Nor is the crisis expressed in this election a uniquely American phenomenon. It is paralleled by global shocks such as the Brexit referendum in Britain, the rise of far-right and fascistic movements throughout Europe, and the general discrediting of political institutions throughout the world.

Underlying everything is a crisis of world capitalism, manifested in an expanding imperialist war drive that threatens the entire planet, and the growth of the class struggle, which is the objective foundation for socialist revolution.

The time for pragmatic “lesser evil” politics has long since passed. The pressing and urgent necessity is to build a party of the working class, uniting workers of every race, gender, nationality and ethnicity on a program that represents their class interests. This party is the Socialist Equality Party. In the elections, our candidates, Jerry White for president and Niles Niemuth for vice president, have advanced a revolutionary, internationalist and socialist program for the working class.

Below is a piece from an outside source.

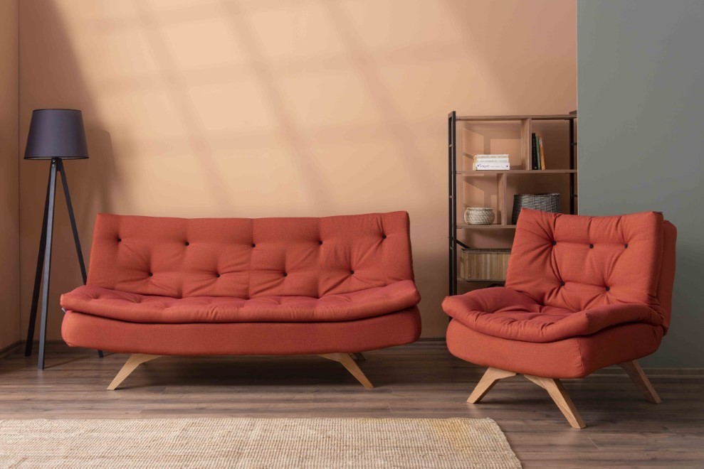 Modern tasarım: Zarif hatları ve şık terracotta rengiyle salon dekorasyonuna uyum sağlar.

The World Socialist Web Site calls on all of its readers in the United States to cast a vote for Socialist Equality Party candidates White and Niemuth. Due to undemocratic ballot access laws, the SEP is on the ballot only in the state of Louisiana, but supporters can write in the SEP candidates’ names in other states.

The basic and fundamental task is to build a revolutionary leadership to prepare for the struggles that are developing and will intensify after the elections. Join the SEP and its youth movement, the International Youth and Students for Social Equality. Help extend the influence of the International Committee of the Fourth International, the party of world socialist revolution, to every factory and workplace, every school and college campus, throughout the country and around the world.